Data for analysis =
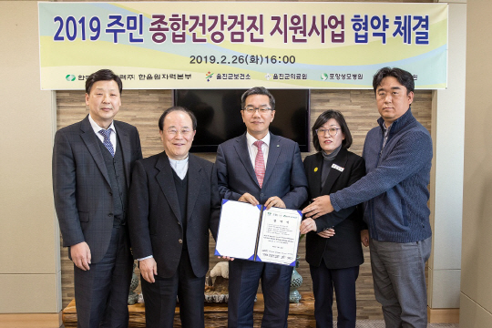 한국수력원자력 한울원자력본부가 경북 울진군보건소, 울진군의료원, 포항성모병원, 강원도 강릉아산병원과 함께 울진군 주민 2200명의 무료 종합건강검진을 위한 협약을 체결(사진)했다고 28일 밝혔다.
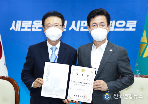 전국연합뉴스 박덕선 기자 | 허태정 대전시장은 13일 오전 정상봉 제9대 대전신용보증재단 이사장에게 임명장을 수여했다. 신임 이사장은 충남대학교 농화학과를 졸업하고, 1986년 충청은행에 입사하여 34년간 금융인으로 근무하였으며, 앞으로 3년 동안 대전지역 소기업·소상공인의 보증 및 자금지원, 경제활성화 등의 업무를 본격적으로 수행하게 된다.
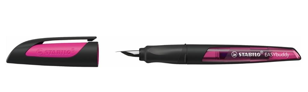 STABILO EASYbuddy to pióro wieczne zaprojektowane z myślą o dzieciach i młodzieży. Posiada uniwersalny, ergonomiczny uchwyt wykonany z materiału antypoślizgowego. Jest bardzo wygodne, dzięki czemu dłoń nie męczy się podczas pisania. Specjalne okienko pozwala kontrolować stopień zużycia naboju. Posiada stalówkę typu M. Dostępny jest w 13 kombinacjach kolorystycznych. Kolor czarny/różowy.
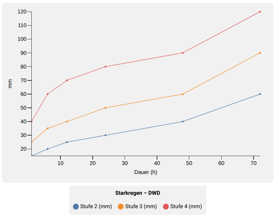 Stufe 3 (gelb): Starkregen/Dauerregen
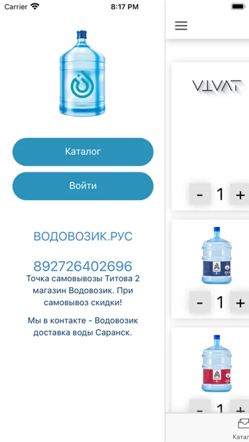 Приложение для заказа воды в Саранске, бутилированная вода с доставкой по городу Саранск на дом и в офис!
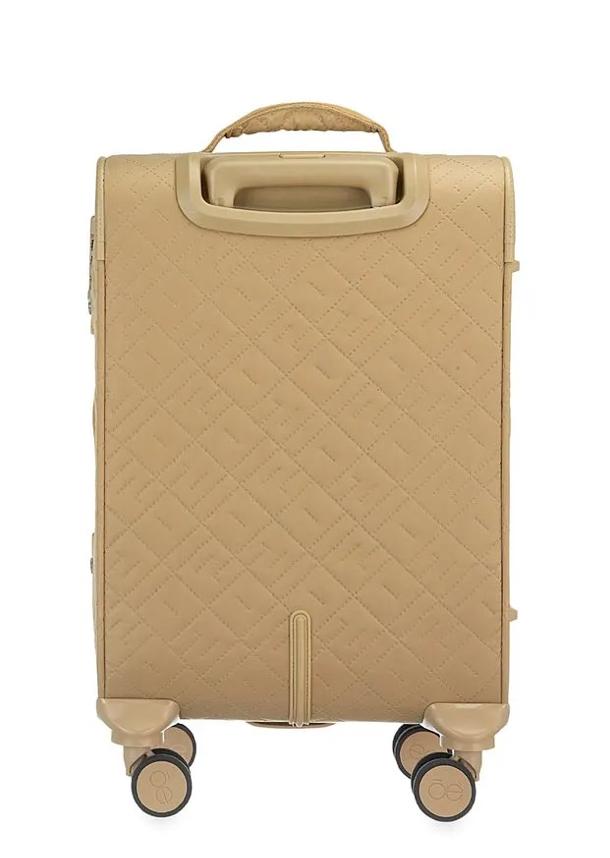 Equipaje vertical hecho con material textil. Cuenta con Cuenta con un ligero bastón de tres alturas. Tiene cuatro ruedas dobles y giratorias con movimiento 360°. Cosmetiquera impermeable.
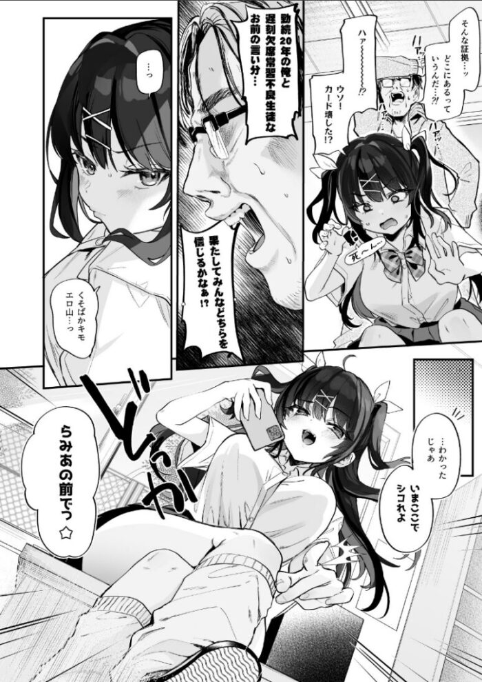 2024年夏コミの新刊です。冴えない童貞体育教師「高山高史」は女子更衣室の盗撮をするのが趣味だった。それが頭はバカだが実家が太く、恵まれた容姿を持つ「石動らみあ」にバレてしまった。見た目はよくても中身は最悪のコイツに狙われたが最後、俺をクビにするための証拠集めにあの手この手で誘惑してくるのだった。絶対にこんなバカガキに負けない!性欲と人生を天秤に掛けてシコります。【内容】見抜き、フェラ、素股、騎乗位、乳首攻め(女)などパイズリが描けなかったので次回以降に描きます…!頭の悪い同士のセックスで基本的に和姦よりです。
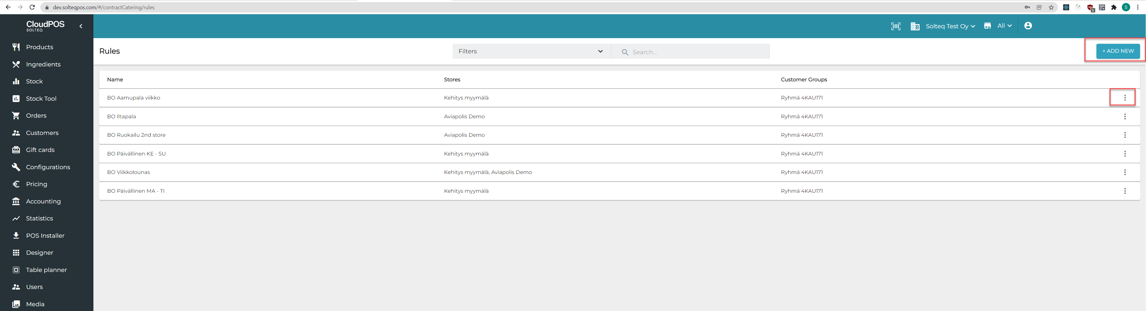 Lisää uusi sääntö klikkaamalla +Lisää uusi tai muokkaa olemassaolevaa sääntöä klikkaamalla Muokkaa-kuvaketta (kolme pistettä) sopimuksen rivillä.
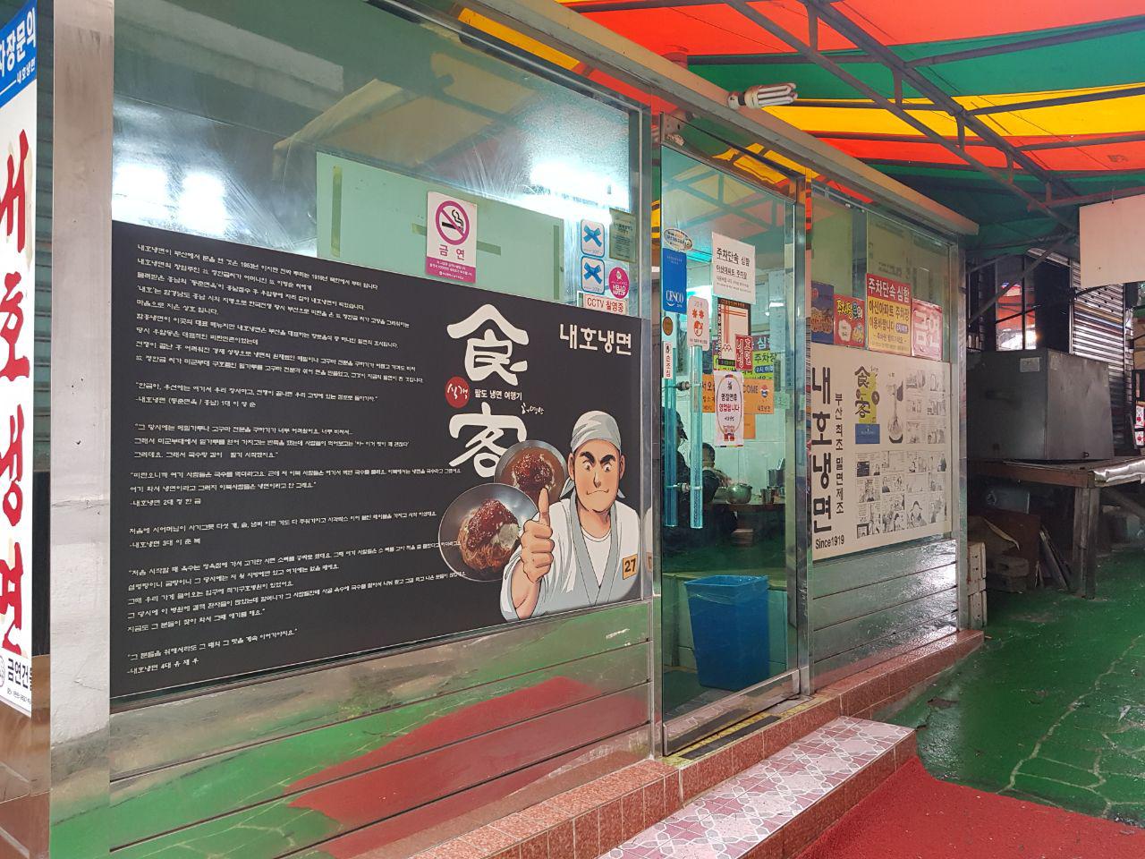 Now milmyun has become one of the main staple cuisines in Busan that has spread across the south-eastern province of Korea. Today's restaurant is Naeho Naengmyeon (Naeho Cold Noodle House) which was founded in 1919 in Busan. The restaurant had achieved great success from the outset, but hadn't re-located because the founder of this restaurant left the following will:

Goal of the exercise =
The output must start at the line holding "2024年夏コミの新刊です。", end at the last line of the listing above, and show each line exactly; please omit all pictures.

Result =
 2024年夏コミの新刊です。冴えない童貞体育教師「高山高史」は女子更衣室の盗撮をするのが趣味だった。それが頭はバカだが実家が太く、恵まれた容姿を持つ「石動らみあ」にバレてしまった。見た目はよくても中身は最悪のコイツに狙われたが最後、俺をクビにするための証拠集めにあの手この手で誘惑してくるのだった。絶対にこんなバカガキに負けない!性欲と人生を天秤に掛けてシコります。【内容】見抜き、フェラ、素股、騎乗位、乳首攻め(女)などパイズリが描けなかったので次回以降に描きます…!頭の悪い同士のセックスで基本的に和姦よりです。
 Lisää uusi sääntö klikkaamalla +Lisää uusi tai muokkaa olemassaolevaa sääntöä klikkaamalla Muokkaa-kuvaketta (kolme pistettä) sopimuksen rivillä.
 Now milmyun has become one of the main staple cuisines in Busan that has spread across the south-eastern province of Korea. Today's restaurant is Naeho Naengmyeon (Naeho Cold Noodle House) which was founded in 1919 in Busan. The restaurant had achieved great success from the outset, but hadn't re-located because the founder of this restaurant left the following will:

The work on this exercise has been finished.